We've made lots of progress in our work to improve accessibility on the railway, including new tech launched last month for lifts and escalators.
Last month we shared our plans to give you live data on almost 1,500 lifts and 300 escalators across hundreds of railway stations around Britain. Real-time information on their working condition will make it easier to plan your journeys.
We're releasing an open data source with live data on the status of lifts and escalators at about 370 stations nationwide. This will increase to 463 stations over the next 12 to 18 months.
It comes amid the Access for All Programme to provides an obstacle free, accessible route to and between platforms.
It's part of the Government's Inclusive Transport Strategy and means updating a lot of our Victorian railway. Today we have we now have step-free, accessible routes at more than 200 stations and we're working to give you greater accessibility at even more.
Previous open source data releases have quickly led to in app and web developers using the information to create simple apps that hugely help passengers when planning journeys.
This latest development, delivered through our research and development programme, uses monitoring devices on lifts and escalators to create give live information on the equipment to third parties through an open data source. This allows the third parties, such as web and app developers, to create travel planner apps to provide live lift and escalator availability information to passengers.
What else have we been up to?
Edinburgh Waverley Masterplan concept revealed
Access for All featured in the Edinburgh Waverley Masterplan we published in August. We, along with the Scottish Government and City of Edinburgh Council, unveiled our concept designs for transforming the capital’s main station as part of the Edinburgh Waverley Masterplan.
It envisions a station that's a vital part of the city, with a major new public space on Waverley Bridge providing views of the iconic city skyline. It will be a station that puts people first, providing easy Access for All. It will also provide vital city connections for walking, cycling and public transport.
We proposed a new mezzanine concourse across the whole station that will help deliver better access to Waverley from the surrounding streets. It will also enable the creation of fully-accessible entrances and increase circulation space for passengers.
Gallery: the Masterplan and Edinburgh Waverley today
Step-free access for Canterbury East
We're giving Canterbury East railway station step-free access for the first time.
The £4.8m investment will make the station much easier to use if you have mobility issues, are older or are travelling with young children.
We're installing new lifts and a new footbridge. We will also install tactiles along both platforms to improve use for passengers with visual impairment.
The proposed works will preserve and respect the railway character and appearance of the area. We aim to complete the project by July.
Step-free in Croydon
In October, we installed three new lifts at Selhurst station to give you easier access between the station entrance, ticket office and platforms.
It followed a new footbridge and lifts at Coulsdon South which was completed in August.

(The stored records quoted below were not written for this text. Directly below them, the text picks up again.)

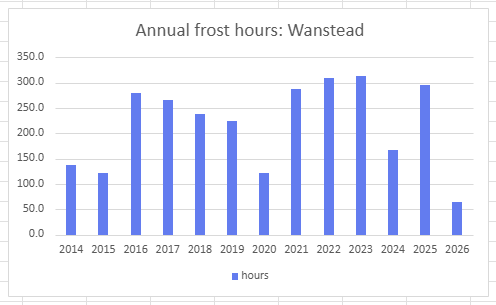 The opening week or so of 2026 has already seen 30 per cent of frost hours recorded locally in an average year.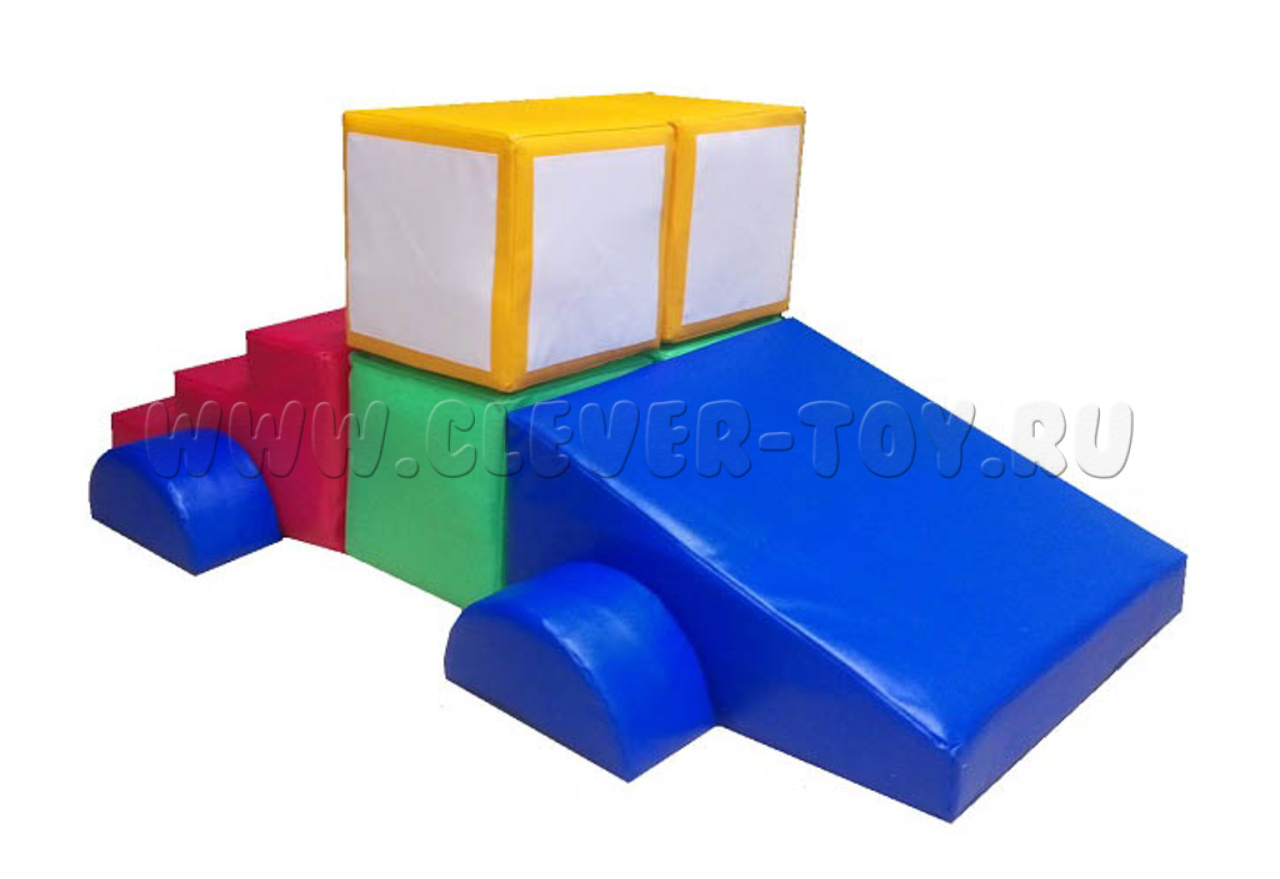 Комплектация: 10 предметов куб - 24*24*24 – 4 шт. полуцилиндр – 25*12,5*12,5 – 4 шт. горка – 48*48*24 – 1 шт. ступень - 48*48*24 – 1 шт.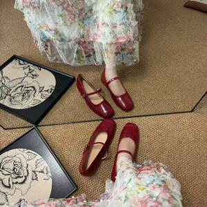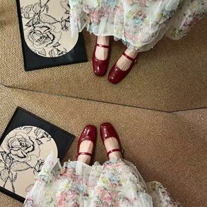 内增高~法式方头玛丽珍单鞋女鞋子2025年新款复古平底鞋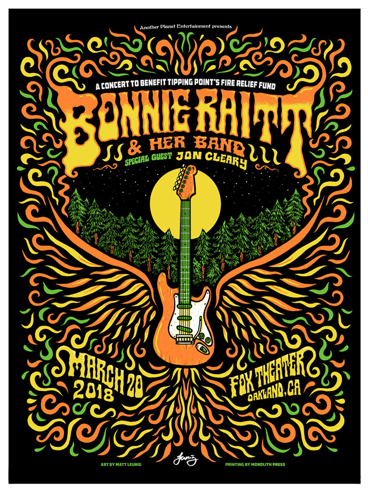 $1 from every ticket sold for a Bonnie Raitt concert, unless the venue is a 501c3 organization or the show is a benefit concert, is donated to a 501c3 charitable foundation that supports non-profit organizations working on a variety of causes including safe and sustainable energy, environmental protection, social justice, food & shelter insecurity, youth arts & music education and more.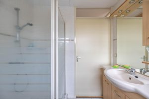 Overloop met trapopgang; 3 slaapkamers, resp.: 15, 9 en 8 m2 (alle slaapkamers zijn voorzien van een laminaatvloer); badkamer 4 m2 met toilet, wastafelmeubel en een douchecabine.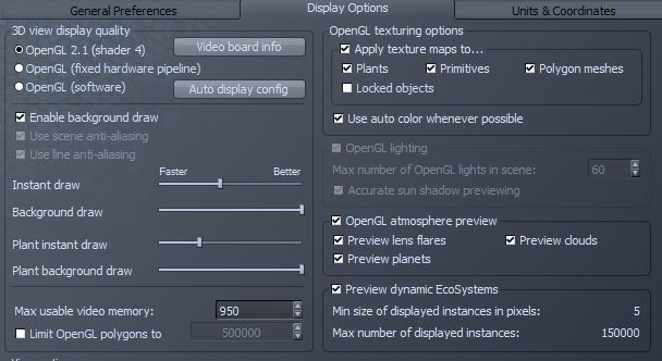 mit den vue-eigenen SG-pflanzen ist das kaum ein problem. die sind speziell für das eco-system ausgelegt, so dass mehrere millionen bäume mit einem durchschnittlichen PC akzeptabel zu handhaben sind. problematischer wird es nur, wenn man pflanzen von drittanbietern verwendet und diese in grossen mengen per eco-system nutzen will. abgesehen davon, dass man dann einige features nicht nutzen kann, wird der PC schnell in die knie gezwungen und die renderzeiten steigen exorbitant an.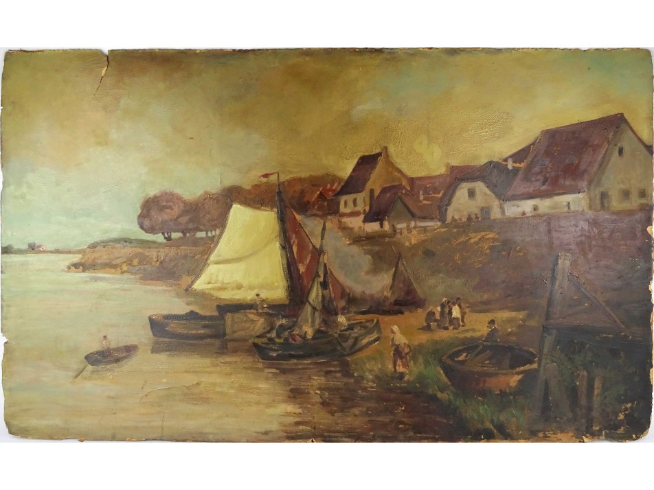 Ismeretlen festő : Folyóparti életkép 98.5 x 59 cm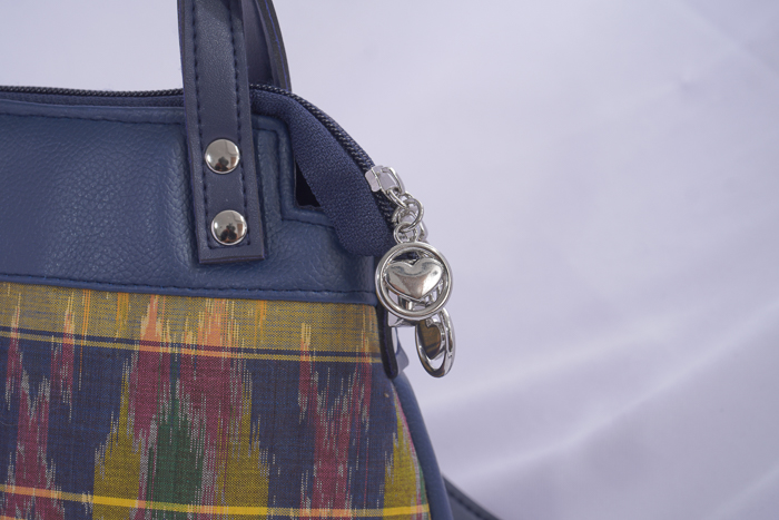 Tas yang terbuat dari kain tenun tajung ini dipadukan kulit sintetis premium. Bagian dalam tas ini disertai kantong terbuka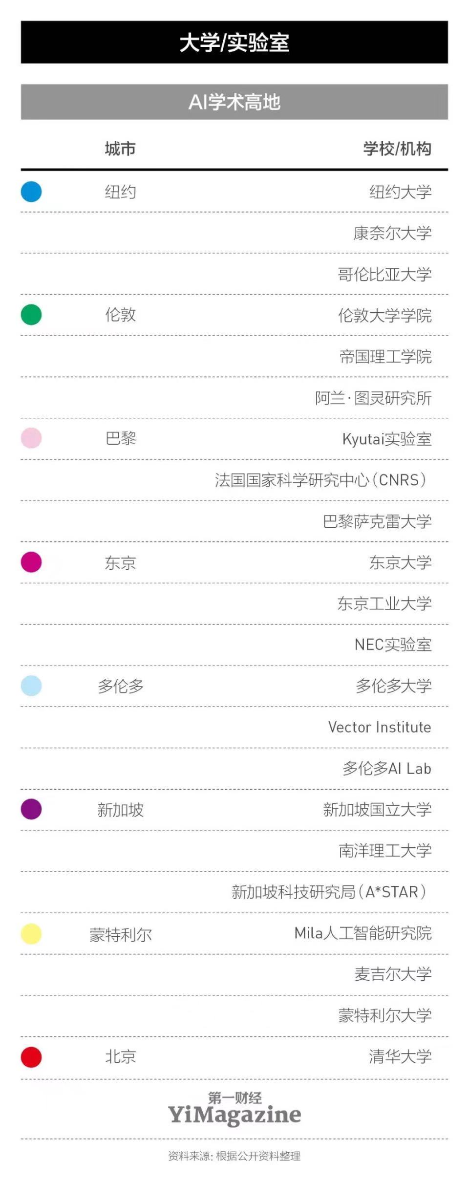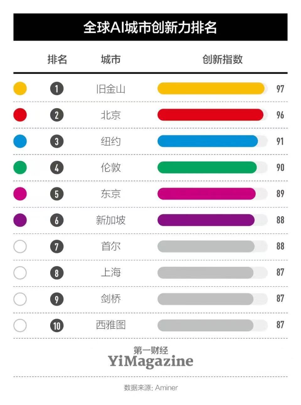 生成式AI帶來新的洗牌機會,但能否抓住這樣的機會取決于很多因素。我們選擇和調(diào)查了過去一年來以人工智能之名在各大媒體上頻繁露出的幾個城市,嘗試回答“到底哪個城市能抓到大機會”這一問題。巧合的是,在訪問了蒙特利爾、硅谷、紐約、倫敦、巴黎、新加坡、北京和東京等幾個城市的相關(guān)人士后,我們發(fā)現(xiàn)一個叫AMiner的機構(gòu)在跟蹤全球人工智能領(lǐng)域10年發(fā)展后提出的創(chuàng)新城市排名,與我們的調(diào)查選擇幾乎重合。AMiner的榜單衡量了全球各地論文、學(xué)者、機構(gòu)的數(shù)量與質(zhì)量,以及這些城市與國際合作的指數(shù)——選擇和采訪當(dāng)?shù)厝耸繒r,我們也逐一涉及了這些維度。那么,所謂的巧合其實是種必然。

Chris Heaton-Harris, Accessibility Minister, said in August: “Our Access for All programme is proving that government investment is making a real difference and improving people’s lives.
“The new lifts and bridge will give more people confidence to travel by train, especially disabled people and those with pushchairs or heavy baggage.”
Upgrade at Mills Hill
We're installing a new ramp and lift at Mills Hill station to provide step-free access to platforms at the Greater Manchester station for the first time.
Chris Jackson, regional director at train operator Northern, said in September: “We are absolutely committed to making the Northern network as accessible and as welcoming as possible for all our customers.
“The improvements being made at Mills Hill will, when complete, give customers with special mobility needs much-improved access to the rail network and, in-turn, so many fantastic destinations across the north of England.”
The accessibility improvements also form part of the wider Great North Rail Project – a plan to deliver better stations, track and trains across the North of England.
Multi-million pound investment at Cadoxton
In September, we completed accessibility improvements at Cadoxton station in south Wales – multi-million-pound lifts and a footbridge.
The improvements also include a new waiting shelter on platform two, widening the doorways in and out of the ticket office and the installation of tactile paving on the platform edge.
We've also built a new ramp from the ticket office leading out onto platform one.
David TC Davies, UK Government Minister for Wales, said: “The accessibility improvements at Cadoxton train station demonstrate the UK Government’s commitment to building a bigger, better railway for Wales.
“Accessible stations will open up routes to more passengers across the country, empowering people to travel independently and helping us to make inaccessible transport a thing of the past.”